OpenWrt One - celebrating 20 years of OpenWrt
Bjørn Mork
bjorn at mork.no
Wed Jan 10 02:47:08 PST 2024
John Crispin <john at phrozen.org> writes:
> At the beginning we focused on the most powerful (and
> expensive) configurations possible but finally ended up with something
> rather simple and above all,feasible.
That's a very wise choice. And most of the compromises make sense to
me. Except the
> * Storage: M.2 2042 for NVMe SSD (PCIe gen 2 x1)
This seems like a strange priority for an OpenWrt device. It's not
useful to most OpenWrt users or applications. Having two different boot
devices is more than enough.
> * What will the M.2 slot be used for?
> - we will use M.2 with M-key for NVMe storage. There is a
> work-in-progress patch to make PCIe work inside the U-Boot
> bootloader. This will allow booting other Linux distributions such
> as Debian and Alpine directly from NVMe
And you even make a point of it being more suitable for other Linux
distros. That should not be an OpenWrt priority.
> * Why is there no USB 3.x host port on the device?
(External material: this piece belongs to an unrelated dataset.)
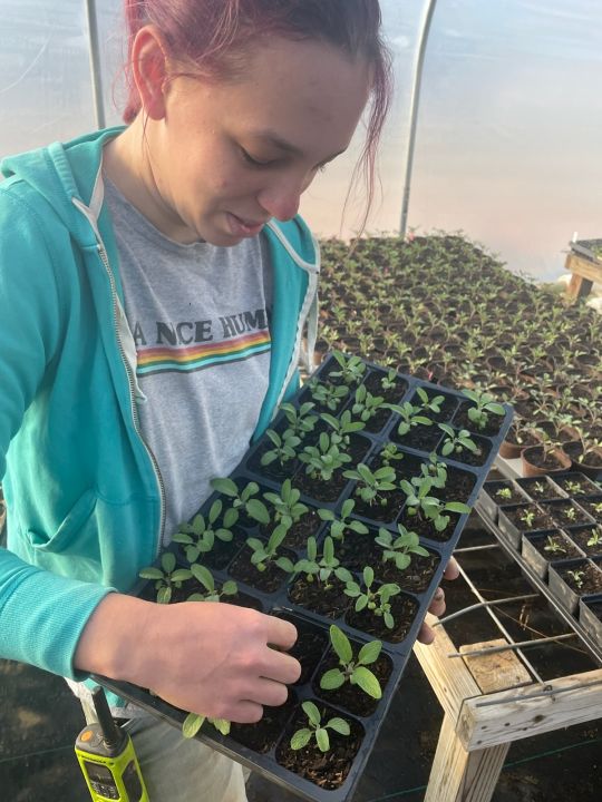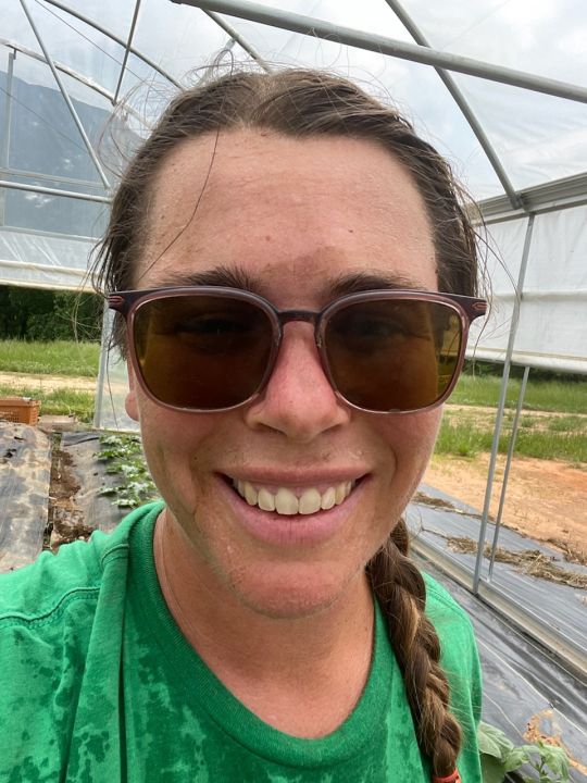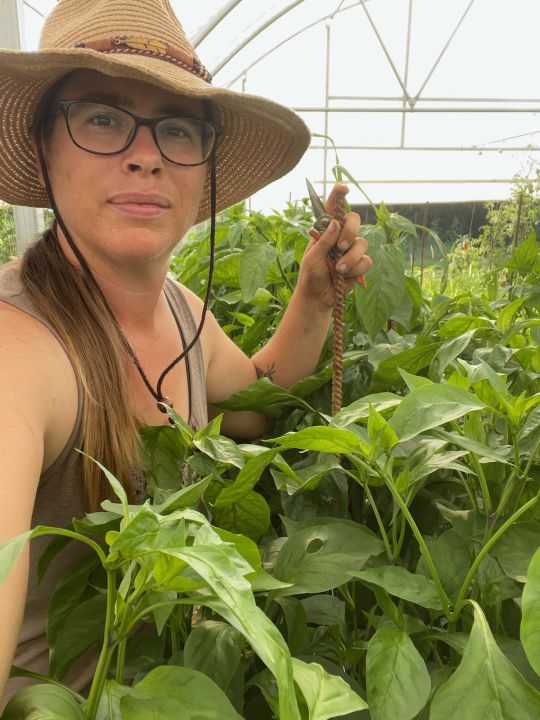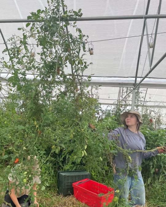 Anna is back! here she is pulling down tomatoes in the high tunnel

> - the USB 3.x and PCIe buses are shared in the selected SoC silicon,
> hence only a single High-Speed USB port is available
And here's the biggest problem with that choice. USB3 would have
allowed storage expansion as well as more OpenWrt applicable use cases
like additional ethernet adapters or modems. And with a limited
connector and board space cost compared to an m.2 slot. The USB A
port is already there.
> * What is the purpose of the console USB-C port?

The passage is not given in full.